Uraufführung von Wolf Kerschek: In den Soli steckt enorme Artistik
Nun, schlimm kam es aber nicht. Was mit spektakulären Vokabeln des 20. und 21. Jahrhunderts umrissen wurde, entpuppte sich auch als eine – sechssätzige – Komposition von ökonomisch reflektierter Arbeitsteilung. Die Streicher: vielfach zuständig für Atmosphäre, Stimmung, Emotion (hier tönte es in der Tat immer mal kurz filmmusikalisch); das große Schlagwerk: zuständig vor allem für Effekte, Drive und Steigerung; die zwei Solisten Christian Schmitt (Orgel) und Matthias Höfs (Trompeten, Diskanthorn): zuständig für die großen Melodielinien, die stärker von „sachlicher“ Virtuosität denn von belcantistischen Bögen getragen sind. Der Pedal-Furor der Orgel im dritten Satz, ja selbst die Ballade der Trompete im vierten Satz: Als Spielmusiken von erstaunlicher Lakonik unterlaufen sie die große Emphase, die vereinnahmende Umarmung des Publikums. Die enorme Artistik, die in den Soloparts steckt, wird nicht bravourös ausgestellt, sondern eher introvertiert behandelt. Und sie schreitet in aller Regel unerwartet fort. Genau dies gehört zu den Stärken des Werks, das formale Anleihen bei Bach nimmt. Großer Applaus für Schmitt/Höfs, die sich noch mit einer jazzig variierten Kerschek-Bearbeitung jener Johann-Abraham-Peter Schulz-Melodie bedankten, die als „Abendlied“ immer wieder rührt.
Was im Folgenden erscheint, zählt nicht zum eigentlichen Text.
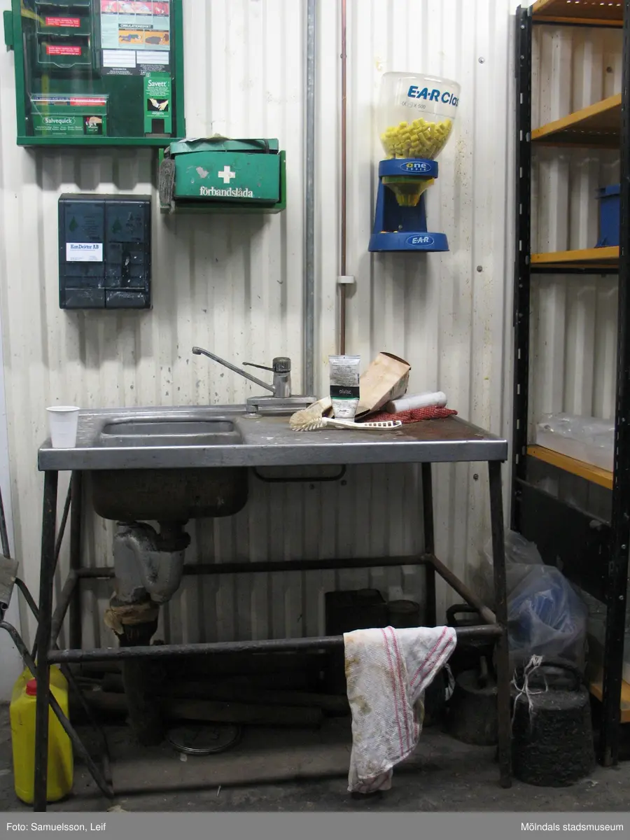 En diskbänk står intill en vägg. På väggen sitter förbandsmaterial och en förpackning med öronproppar. Interiörfotografi från byggnad vid Soabs industrianläggning i Mölndals Kvarnby, år 2007. Anläggningen användes vid fototillfället av Hexion Speciality Chemicals Sweden AB.

Sinfoniekonzert: Die Augsburger Philharmoniker laufen zu großer Form auf
Schließlich Saint-Saëns’ dritte Sinfonie, seine „Orgelsinfonie“, kaum überhörbar Franz Liszt gewidmet. Geheimnisvoll transzendent die Einleitung zum ersten Satz, triumphal – wie so manche sinfonische Dichtung Liszts – das Finale. Das Becken hat dort mit Pauken und Trompeten ein wenig zu viel zu tun. Fortissimo-Höhepunkte in Folge nutzen sich ab. Gleichwohl war die Aufführung beglückend, letztlich herbeikomponiert erhebend. Das lag an den Philharmonikern, die nach etwas inkongruentem Start (am Dienstag) zu enormer Form aufliefen, auch kunstreligiöse Aura verbreiteten – etwa im frommen Gebet der Posaune. Und das lag an GMD Héja, der sich quasi als Theaterdirigent hineinkniete in diese Sinfonie, sie dramatisierte, letztlich das Orchester zur Hauptfigur einer großen Oper ohne Worte machte. Riesenapplaus – auch noch einmal für Christian Schmitt.